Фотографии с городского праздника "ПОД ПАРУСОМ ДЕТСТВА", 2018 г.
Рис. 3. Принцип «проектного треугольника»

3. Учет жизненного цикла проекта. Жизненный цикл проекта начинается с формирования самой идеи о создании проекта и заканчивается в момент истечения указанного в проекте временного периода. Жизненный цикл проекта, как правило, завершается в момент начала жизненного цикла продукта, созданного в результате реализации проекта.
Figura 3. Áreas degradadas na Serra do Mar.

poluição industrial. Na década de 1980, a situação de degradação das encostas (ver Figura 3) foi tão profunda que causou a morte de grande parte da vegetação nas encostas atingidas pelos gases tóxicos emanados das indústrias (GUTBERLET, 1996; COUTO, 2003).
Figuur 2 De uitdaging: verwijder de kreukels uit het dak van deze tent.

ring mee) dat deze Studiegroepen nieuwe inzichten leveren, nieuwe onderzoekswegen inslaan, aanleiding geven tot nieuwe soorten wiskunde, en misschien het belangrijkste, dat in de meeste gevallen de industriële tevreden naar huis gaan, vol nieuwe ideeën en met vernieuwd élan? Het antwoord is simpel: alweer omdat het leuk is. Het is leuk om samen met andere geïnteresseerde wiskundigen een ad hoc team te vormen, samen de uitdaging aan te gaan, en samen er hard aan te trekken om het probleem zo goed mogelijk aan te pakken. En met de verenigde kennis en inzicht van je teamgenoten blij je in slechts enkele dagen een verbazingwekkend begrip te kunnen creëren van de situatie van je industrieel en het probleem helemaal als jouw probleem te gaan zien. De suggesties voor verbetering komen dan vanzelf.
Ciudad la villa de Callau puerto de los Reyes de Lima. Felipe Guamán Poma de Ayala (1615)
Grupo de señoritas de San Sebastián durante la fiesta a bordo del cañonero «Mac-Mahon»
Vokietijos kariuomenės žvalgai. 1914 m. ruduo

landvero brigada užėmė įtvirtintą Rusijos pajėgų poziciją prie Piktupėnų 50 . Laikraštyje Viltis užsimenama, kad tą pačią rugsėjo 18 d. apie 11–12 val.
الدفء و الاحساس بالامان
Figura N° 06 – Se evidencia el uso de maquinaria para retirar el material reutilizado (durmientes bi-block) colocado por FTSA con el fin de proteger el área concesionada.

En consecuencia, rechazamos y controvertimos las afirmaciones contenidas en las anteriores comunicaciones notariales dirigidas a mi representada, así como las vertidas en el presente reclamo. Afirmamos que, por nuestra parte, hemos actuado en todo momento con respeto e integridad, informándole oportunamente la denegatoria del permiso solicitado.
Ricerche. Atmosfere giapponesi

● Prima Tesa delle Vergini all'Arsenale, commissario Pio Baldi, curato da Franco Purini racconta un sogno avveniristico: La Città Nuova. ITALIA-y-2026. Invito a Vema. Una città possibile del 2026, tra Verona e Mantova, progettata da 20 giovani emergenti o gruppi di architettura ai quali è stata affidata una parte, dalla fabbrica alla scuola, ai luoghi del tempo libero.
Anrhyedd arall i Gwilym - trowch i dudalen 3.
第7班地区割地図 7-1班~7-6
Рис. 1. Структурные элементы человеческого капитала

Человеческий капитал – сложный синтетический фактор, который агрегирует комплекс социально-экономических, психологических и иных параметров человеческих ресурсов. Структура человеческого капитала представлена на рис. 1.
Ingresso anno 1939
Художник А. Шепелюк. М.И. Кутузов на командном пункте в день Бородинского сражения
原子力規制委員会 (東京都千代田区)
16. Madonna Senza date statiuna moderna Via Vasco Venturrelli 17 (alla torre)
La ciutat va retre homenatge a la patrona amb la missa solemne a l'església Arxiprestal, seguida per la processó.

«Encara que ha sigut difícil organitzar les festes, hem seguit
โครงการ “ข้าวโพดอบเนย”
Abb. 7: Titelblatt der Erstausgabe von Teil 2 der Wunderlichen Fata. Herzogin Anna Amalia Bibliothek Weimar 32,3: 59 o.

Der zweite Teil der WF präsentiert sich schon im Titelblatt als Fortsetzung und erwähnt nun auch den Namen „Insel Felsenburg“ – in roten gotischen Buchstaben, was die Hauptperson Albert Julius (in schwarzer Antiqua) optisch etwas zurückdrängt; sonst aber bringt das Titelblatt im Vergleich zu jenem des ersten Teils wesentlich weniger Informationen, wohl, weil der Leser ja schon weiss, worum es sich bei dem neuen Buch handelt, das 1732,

————

## How to complete this task
Every line containing the string "uitdaging" should be pulled from the listing and copied.

## Result
Figuur 2 De uitdaging: verwijder de kreukels uit het dak van deze tent.
ring mee) dat deze Studiegroepen nieuwe inzichten leveren, nieuwe onderzoekswegen inslaan, aanleiding geven tot nieuwe soorten wiskunde, en misschien het belangrijkste, dat in de meeste gevallen de industriële tevreden naar huis gaan, vol nieuwe ideeën en met vernieuwd élan? Het antwoord is simpel: alweer omdat het leuk is. Het is leuk om samen met andere geïnteresseerde wiskundigen een ad hoc team te vormen, samen de uitdaging aan te gaan, en samen er hard aan te trekken om het probleem zo goed mogelijk aan te pakken. En met de verenigde kennis en inzicht van je teamgenoten blij je in slechts enkele dagen een verbazingwekkend begrip te kunnen creëren van de situatie van je industrieel en het probleem helemaal als jouw probleem te gaan zien. De suggesties voor verbetering komen dan vanzelf.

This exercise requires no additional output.